Summary: Just because a doctor’s action or inaction fell below the standard of care does not mean that he or she was negligent.
I watched the first episode of “Monday Mornings,” a television series that was on TNT created by David E. Kelley. Mr. Kelley has created or been involved in various series including: (1) Ally McBeal; (2) Boston Legal; (3) Boston Public; (4) Chicago Hope; (5) Doogie Howser, M.D.; (6) LA Law; and (7) Picket Fences. This show involved five surgeons in a hospital and explored their professional and personal lives.
The reason I am writing a post on this episode is based on a scene involving peer review of one doctor’s case. The most common educational setting for this review and discussion is known as Morbidity and Mortality (“M&M”). This is where physicians discuss other doctors’ behavior or analyze an adverse event. The information gleaned during M&M is not discoverable in most states. The reason is to have open communication and enable doctors to learn from their mistakes and try to prevent future ones. Doctors are going to be less forthcoming with regard to errors they have made if what they say can be used in a medical malpractice case.
In this episode, a Dr. Martin had seen a 39 year old woman who, on August 12, presented with soreness of her left hip. Since she was an avid runner, averaging 30 miles a week, he thought the hip irritation was due to running. He prescribed 1000 mgs of extra strength Tylenol until the pain subsided. He did not hear from her again.
The next time he saw her was on December 19 in the emergency room. She had a broken hip. He then ordered an MRI¹ with contrast which revealed Stage IV² bone cancer.
The Chief of Surgery, in charge of M&M, asked him if he had done a full physical exam or ordered x-rays or blood work the first time he saw her. No, he only prescribed Tylenol. The Chief of Surgery said, “You allowed her metastatic cancer to run amok for four months.” She was admitted to ICU on December 19 and aggressive cancer treatment was started immediately. She died the day before M&M, three weeks after diagnosis. The Chief of Surgery recommended that all privileges at the hospital be pulled immediately.
A relevant jury instruction would be CACI 505³. As edited for this case, it states that “a doctor is not necessarily negligent just because his efforts are unsuccessful or he makes an error that was reasonable under the circumstances. A doctor is negligent only if he was not as skillful, knowledgeable, or careful as other reasonable doctors would have been in similar circumstances.”

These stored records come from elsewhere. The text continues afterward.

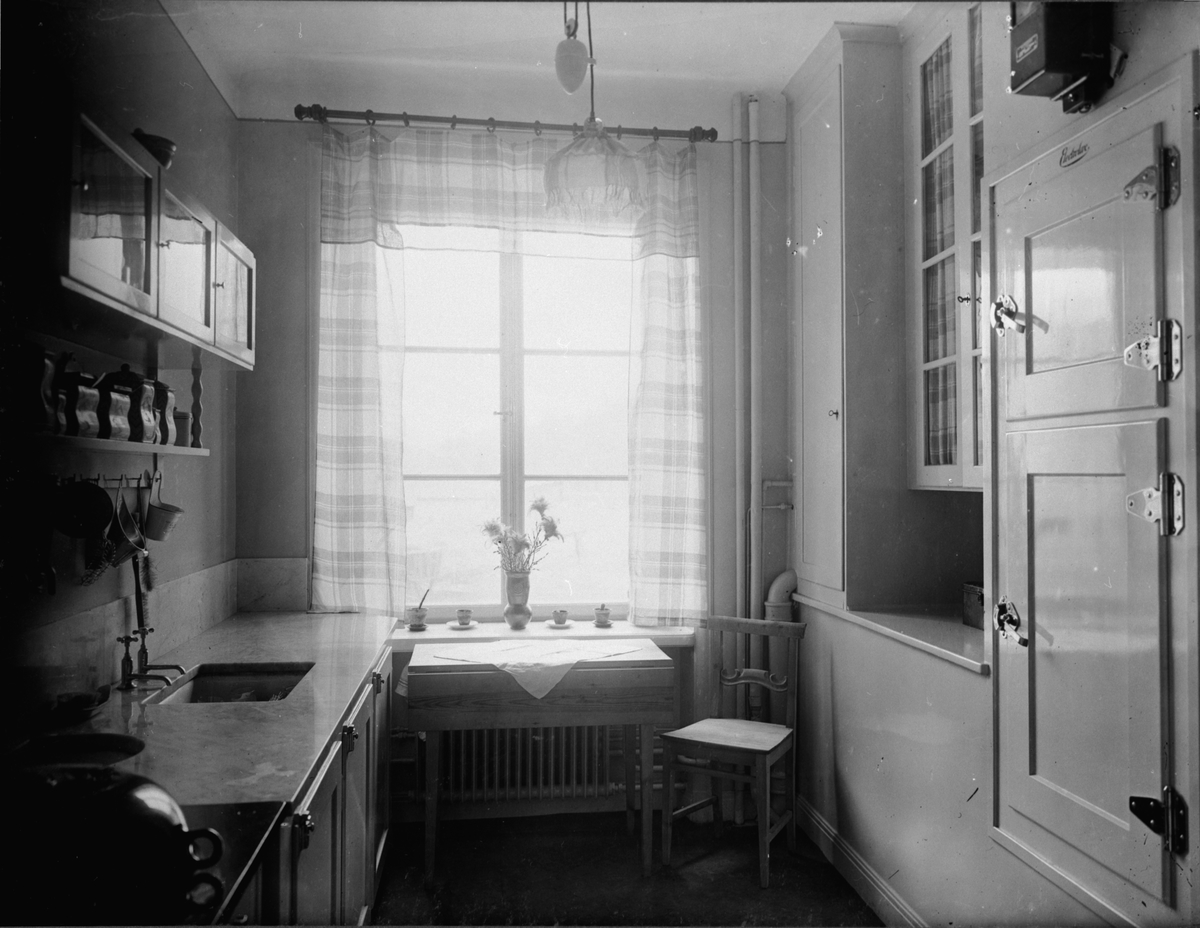 Kylskåp (typ D), kökinteriör. I 2 rumslägenhet, Sveavägen 115 Stockholm.
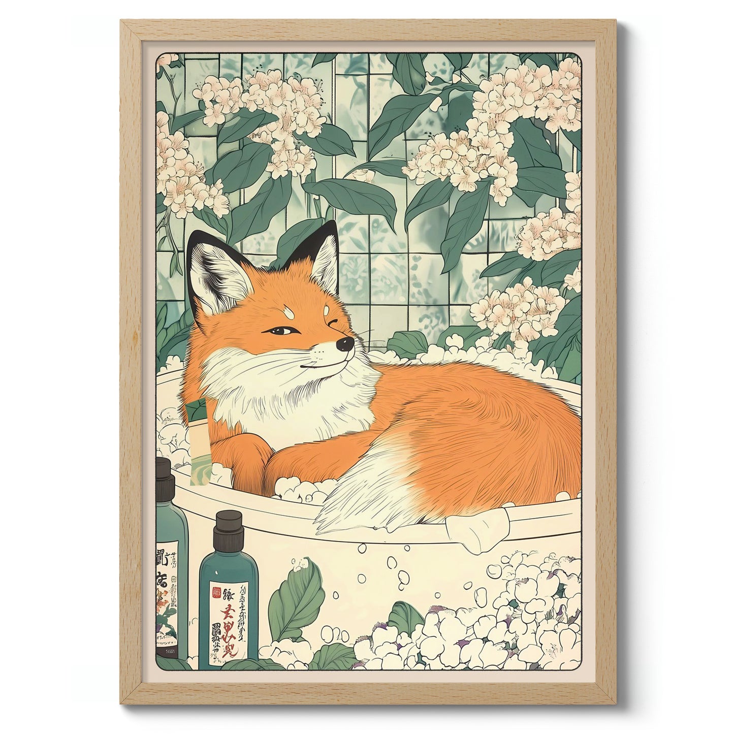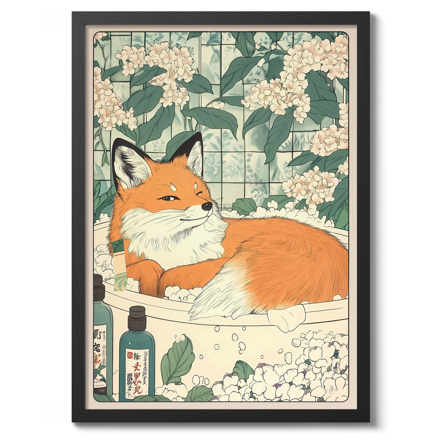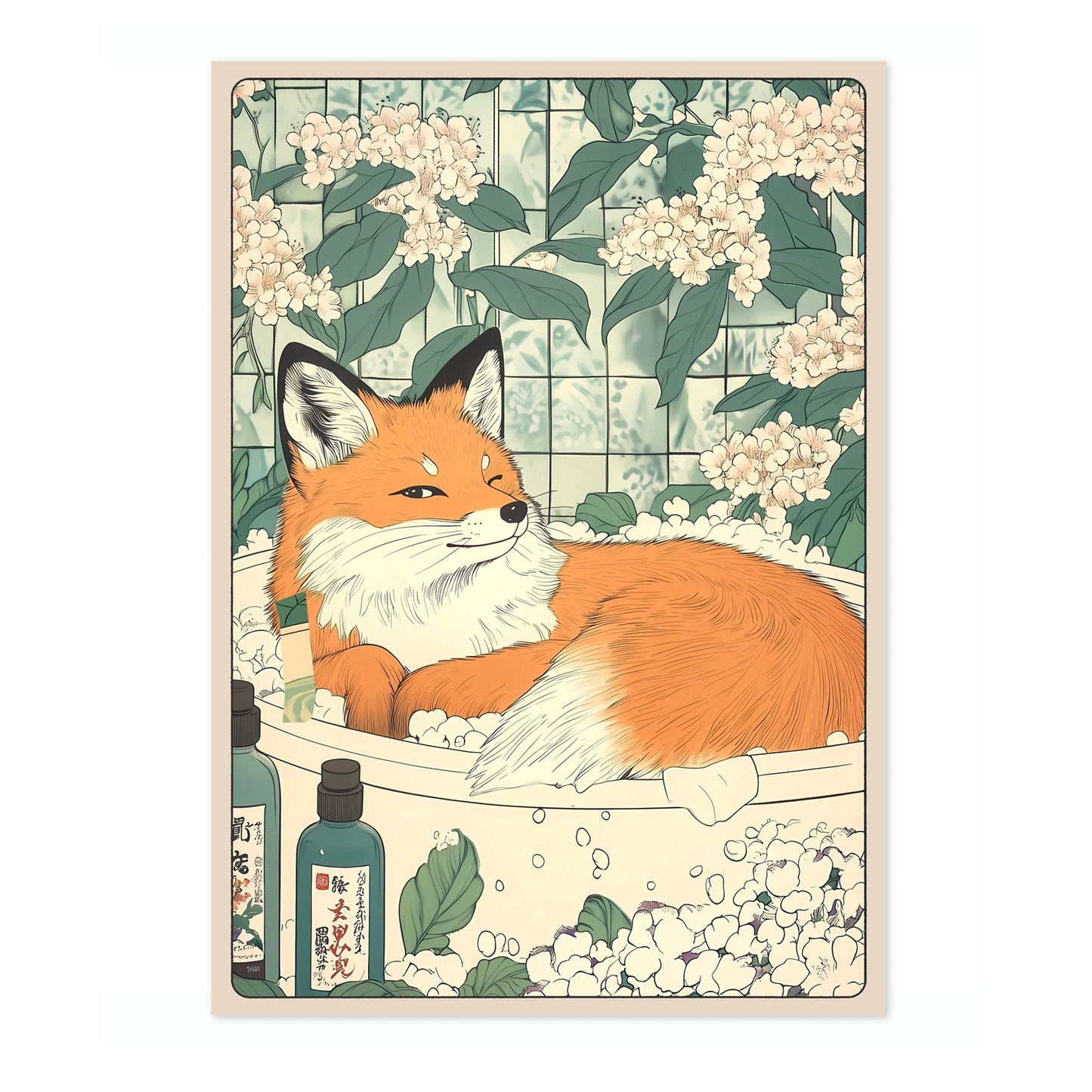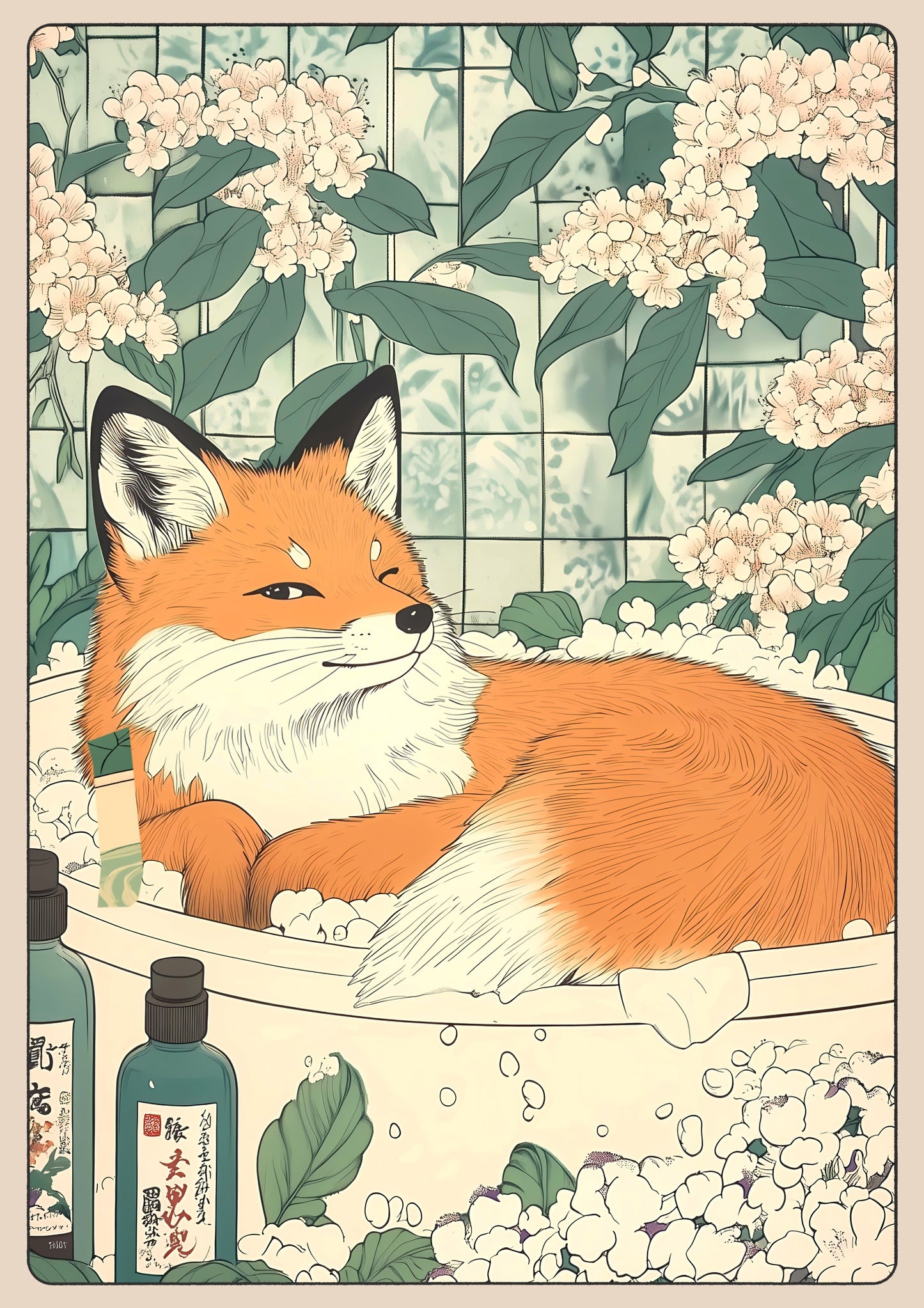 "Winking Fox Bathtime" anime poster features a playful fox reclined in a frothy, flower-adorned bath. The art blends traditional Japanese woodblock techniques with contemporary anime style, creating a charming fusion. Surrounded by delicate blossoms against a tiled backdrop, the fox exudes a whimsical vibe, perfect for those seeking unique animal-themed decor. Ideal for adding a touch of humor and elegance to any space.
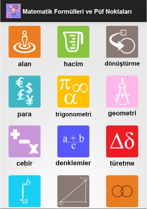 Bu mükemmel bir uygulama matematik tüm temel formülleri sağlamasıdır.
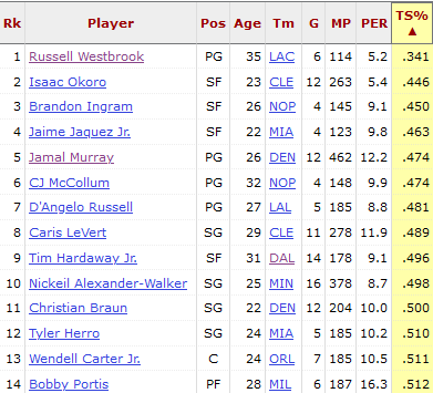 Westbrook had by far the Worst TS % in the NBA playoffs last year. Seems like everyone is ignoring how awful Westbrook was last year in the playoffs.I can see where he could be helpful (ball handling, energy, athleticism) but relying on 36 years old point guard who can't shot seems crazy to me. Especially considering Jamal's injury history.

Since this was being handled in M&M, we will assume that the Chief of Surgery had looked into the matter and determined that Dr. Martin had in fact been negligent, i.e., that Dr. Martin was not as skillful, knowledgeable, or careful as other reasonable doctors would have been in similar circumstances since they would have done a physical and ordered x-rays and blood work.
Let’s pretend that this is a case that came into my office. I, of course, am not privy to what happened in M&M. I would explain to the woman’s survivors that we would have to have an expert who could opine, within a reasonable degree of medical probability that, had the doctor done the physical, the x-rays were taken and/or blood work done, they could have diagnosed the cancer in time to save her life.
There are two important points here. First, it would have to be proved that the cancer could have been caught in time. It is possible that, when she first presented at the emergency room, the cancer was already at Stage IV and this doctor’s inaction could not alter the outcome. Thus, no case.
Second, the expert could opine, to a reasonable degree of medical probability, that the cancer would not have been able to be diagnosed when Dr. Martin saw her since it had not reached a stage where it could have been diagnosed. It was simply a very aggressive cancer which progressed to Stage IV in a very short period of time. Again, no case.
In sum, doctors can make mistakes. They are only negligent if they fail to use the level of skill, knowledge, and care in diagnosis and treatment that other reasonably careful doctors would use in the same or similar circumstances. This level of skill, knowledge, and care is sometimes referred to as “the standard of care.” CACI 501. In addition, and this is a very important addition, the plaintiff (meaning the person suing) must prove all of the following: (1) The doctor was negligent (he or she fell below the standard of care); (2) The Plaintiff was harmed; and (3) The doctor’s negligence was a substantial factor in causing Plaintiff’s harm. CACI 400. If you can’t prove this, then no case.
Published By: Patricia I. James, Esq.
**No portion of this Post is intended to constitute legal or medical advice. The views expressed are solely those of the author.
¹Magnetic resonance imaging (MRI) is a test that uses a magnetic field and pulses of radio wave energy to make pictures of organs and structures inside the body.
²This stage, which is the most serious, is where cancers have often spread to other organs or throughout the body.
³CACI are California civil jury instructions.